By Elizabeth Baah, GNA
Tema, Nov. 12, GNA - Traders at the Tema Community one market on Monday appealed to the authorities to come to their aid as the constant flooding at the market makes it difficult for them to carry on with their daily activities.
The traders said the market had deteriorated in recent times, as a result anytime it rained heavily, the place got flooded and accessible to their shops were not possible, whilst their goods got damaged.
The traders told the Ghana News Agency (GNA) at Tema that after last Sunday’s heavy downpour, the whole market got flooded and goods worth thousands of cedis got spoilt in the shops.
Madam Enyonam Attipoe, a material seller, said “almost all the materials in the shop got wet, last Sunday’s downpour was too much, the zips, stiffs, the materials are all wet, as for the stiff the moment water touches it, it becomes a waste material because nobody would want to buy it”.

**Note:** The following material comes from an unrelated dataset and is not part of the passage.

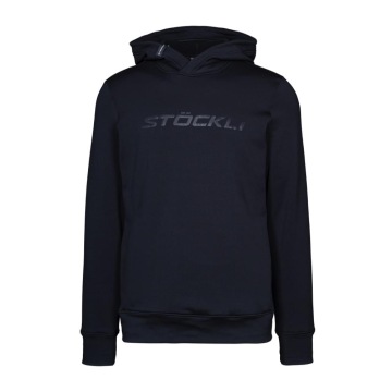 Detail: Embosované (reliéfní) logo Stöckli na hrudi, výšivka "S" logo na kapuci

Aunty Esi Yeboah, a shop owner, lamented, “most of the things in my shop got spoiled, pampers, tissue, and some sanitary pads are all wet and I have to bear the cost now”.

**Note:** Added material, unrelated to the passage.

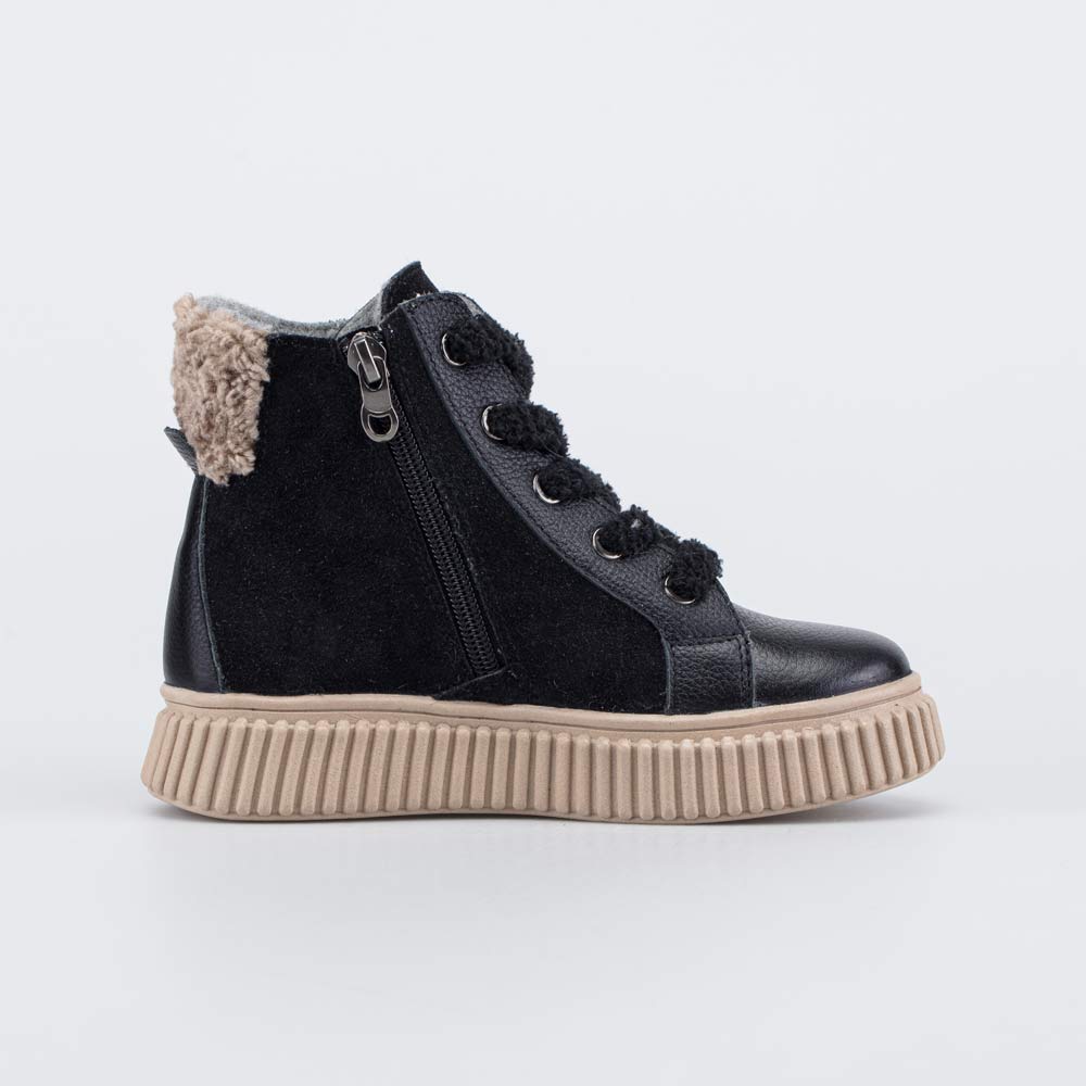 Верх этих черных ботинок изготовлен из гипоаллергенной и дышащей натуральной кожи разных фактур (гладкая кожа, велюр). Манжет украшен трендовым мехом под барашка. Тему тактильности продолжает махровая нашивка в виде медвежонка и махровые шнурки.

Mr. Richard Nyawoli, a shop owner recounting the lost after the rains said, “I have lost about GH¢15,000.00: over 15 bags of the 50kg rice, ten bags of the 25kg and 15 pieces of 1kg; 15 cartons of cube sugar, and numerous pieces of spaghetti.
Even though he expressed concern about the condition of the market, he however attributed the situation to the unwillingness to participate in the monthly general clean-up exercise which was supposed to be done first Saturdays in every month.
Mr Nyawoli said whenever it was time to do the general cleaning many of the traders would give series of excuses and when left undone, ended up with gutters being choked with filth and flooding whenever it rained in the market.
Mr Ebenezer Cudjoe, the Tema Metropolitan Director of the National Disaster Management Organization (NADMO), in an interview with the Ghana News Agency at Tema, said NADMO had educated and sensitized the traders on weekly basis on measure to put in place to reduce the rate of flooding in the market.
He said anytime it was about to rain, some of the traders would deliberately dump refuse in the gutters which ended up causing the flood; adding that, NADMO had gone there on several occasions to clean-up the refuse but within some few days the place would be filled with refuse again.
Mr Cudjoe said NADMO was aware of their plight and was putting measures in place to curb the flooding problems in the market, but called for cooperation from the traders.